Terrorism Investigations
CNN: [NJ] 2 arrested in New Jersey in terror plot probe on heels of Michigan arrests, sources say
CNN [11/5/2025 2:15 PM, Mark Morales, Brynn Gingras, and John Miller, 18595K] reports that two men were arrested in New Jersey in a terror plot probe on the heels of two arrests in Michigan in an alleged ISIS-inspired terrorist plot, multiple law enforcement officials close to the investigation said Wednesday. The two men are said to have been part of the same online communication group as the ones who hatched the alleged plot in Michigan, one of the officials said.
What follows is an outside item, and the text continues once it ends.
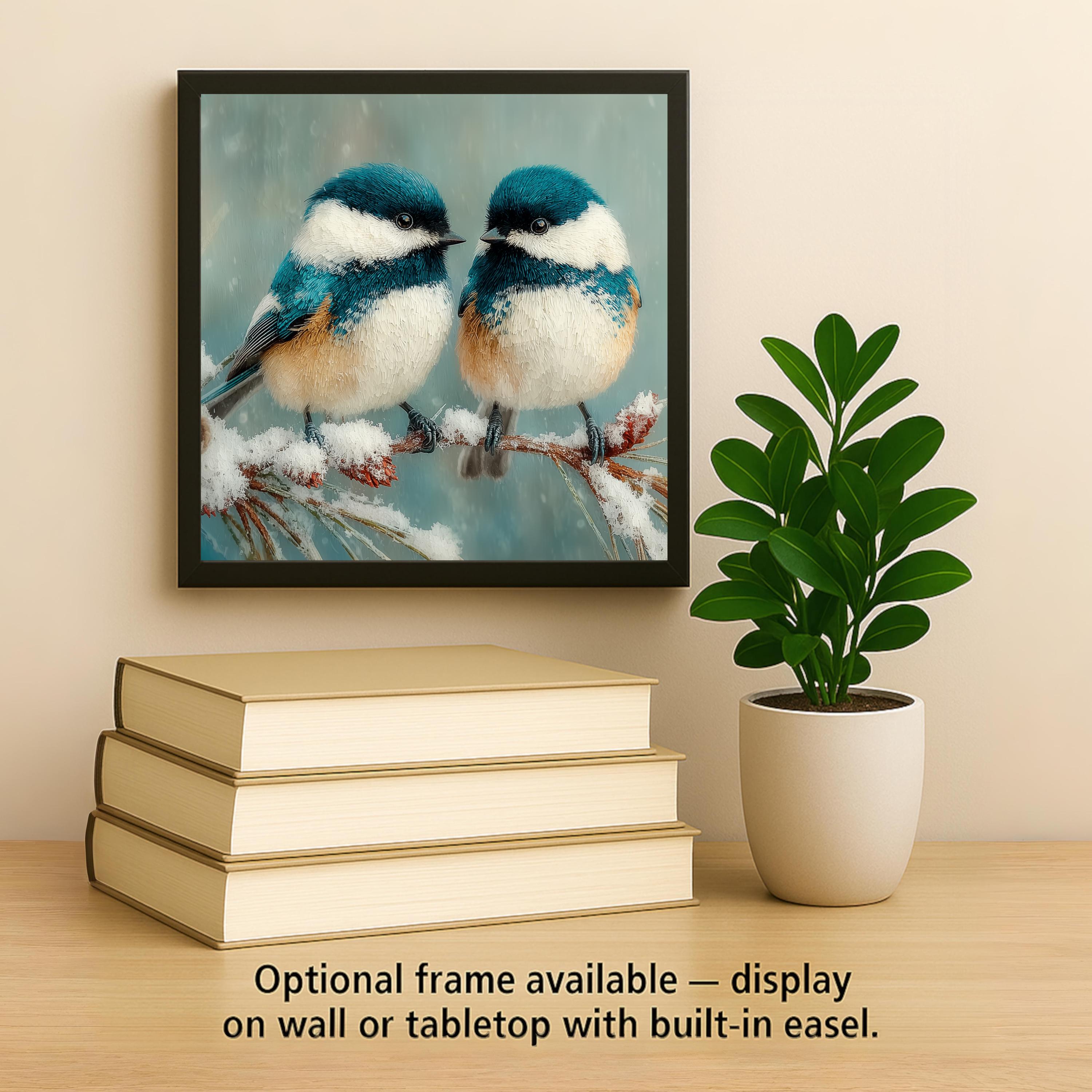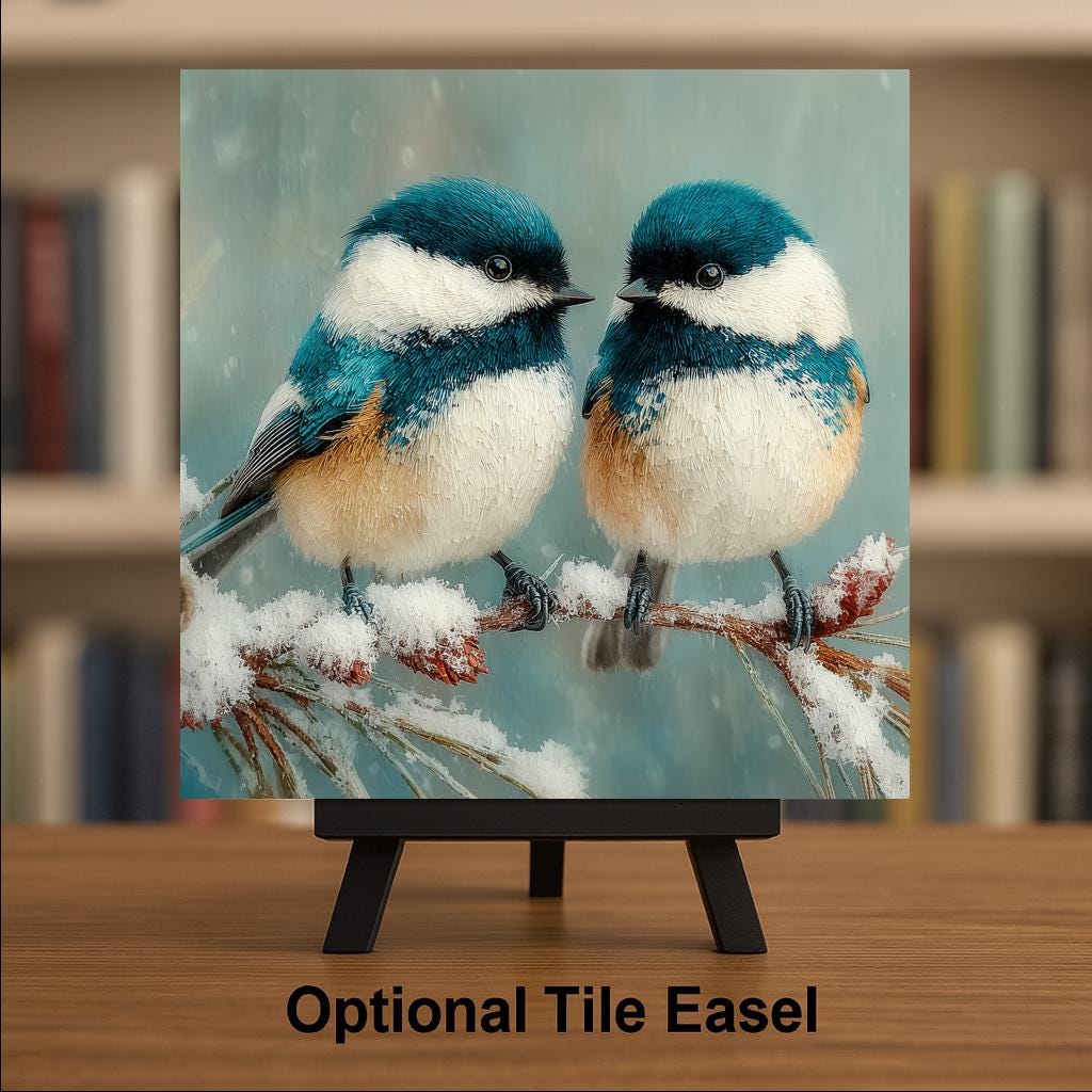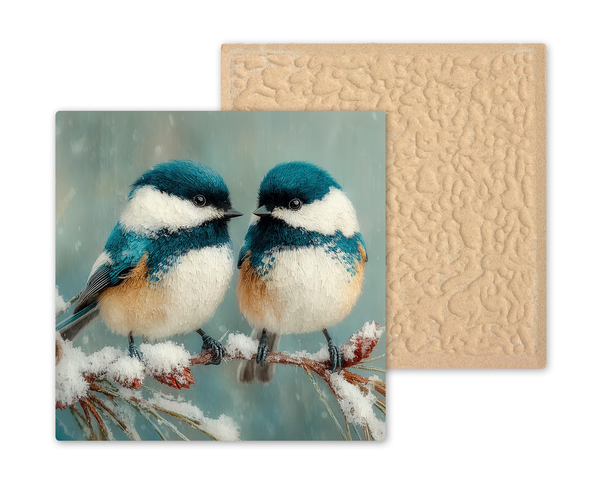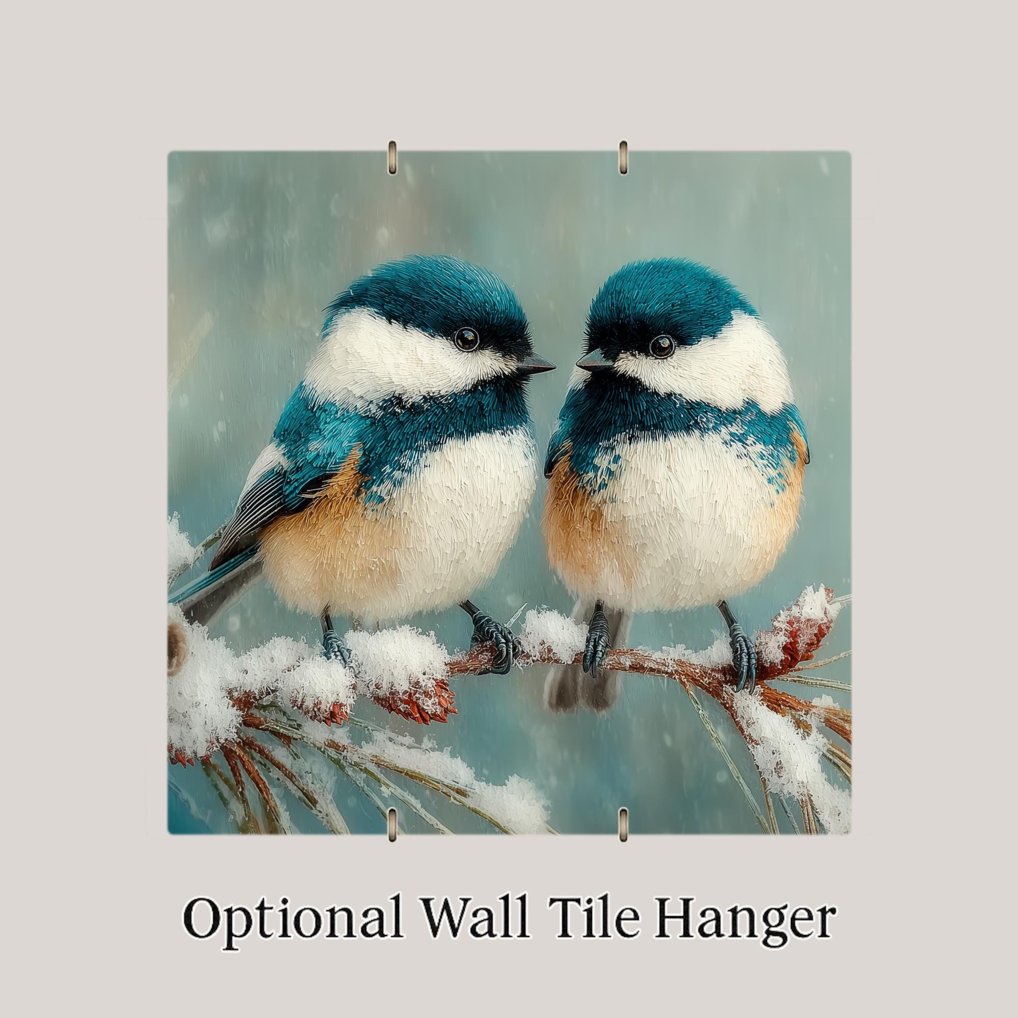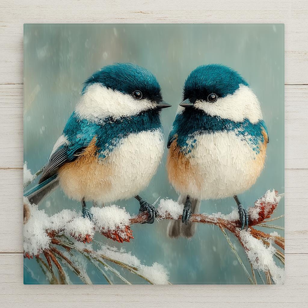 The winter chickadee image speaks to a deeply familiar feeling — the cold morning, the feeder outside the window, the small burst of life and color that makes winter bearable. This tile works for the cabin owner, the winter feeder keeper, the birdwatcher who has watched chickadees through January windows, and anyone who associates these birds with the particular warmth of getting through a cold season. The cool blue-white and warm chestnut palette is distinctly wintry without being Christmas-specific, making it a year-round piece for the person who loves winter.

The forum was not necessarily to discuss and participate in the same plot, but to discuss their own separate schemes, the official said. One of the suspects, a 19-year-old man from New Jersey, was taken into custody at Newark Liberty International Airport on Tuesday morning, the official said. Authorities had been monitoring his movements and arrested him once they noticed he moved up his flight to Turkey, the official said. The act of going to the airport was seen as a move to further his plot, triggering the arrest, the official said. The suspect ultimately planned to travel from Turkey to Syria, where he would attempt to join ISIS, the officials said. Authorities routinely make these types of arrests after monitoring online chatter from targets they are zeroing in on, the official said. The circumstances of the arrest of the other suspect were not immediately known. The US Attorney’s Office in New Jersey and the FBI declined comment.
Reported similarly:
NBC News [11/5/2025 11:43 AM, Jonathan Dienst, Tom Winter, and Minyvonne Burke, 34509K]
NewsMax [11/5/2025 11:52 AM, Nicole Weatherholtz, 4109K]
AP: [MI] FBI names third man accused of planning Halloween terror attack in Michigan
AP [11/5/2025 8:52 PM, Isabella Volmert, 31753K] reports investigators say a third Michigan man is now facing charges in a plot to stage a terror attack on Halloween. He traveled to an amusement park in the Midwest to scout the location, they said. Ayob Nasser, 19, was arrested Wednesday. He is accused of participating in the planning of a possible attack on LGBTQ+ bars in suburban Detroit that was inspired by the Islamic State, federal authorities have said. Nasser, his brother Mohmed Ali and Majed Mahmoud are charged with conspiracy to provide material support and resources to a designated terrorist organization and receiving and transferring guns and ammunition for terrorism, according to court documents. Mohmed Ali and Majed Mahmoud were arrested Friday. Investigators say two minors, identified only as Person 1 and Person 2 in court documents, were also involved in the discussions. "We will not stop. We will follow the tentacles where they lead. We will continue to stand guard with the FBI against terrorism," said U.S. Attorney Jerome F. Gorgon Jr. said in a statement. It was unclear whether Nasser has an attorney. Two attorneys representing Ali and Mahmoud declined to comment when reached by phone Wednesday evening, and both said they are reading through an amended 93-page complaint filed in federal court. One of the attorneys, Amir Makled, over the weekend seemed to wave off the allegations, saying they were the result of "hysteria" and "fear-mongering.”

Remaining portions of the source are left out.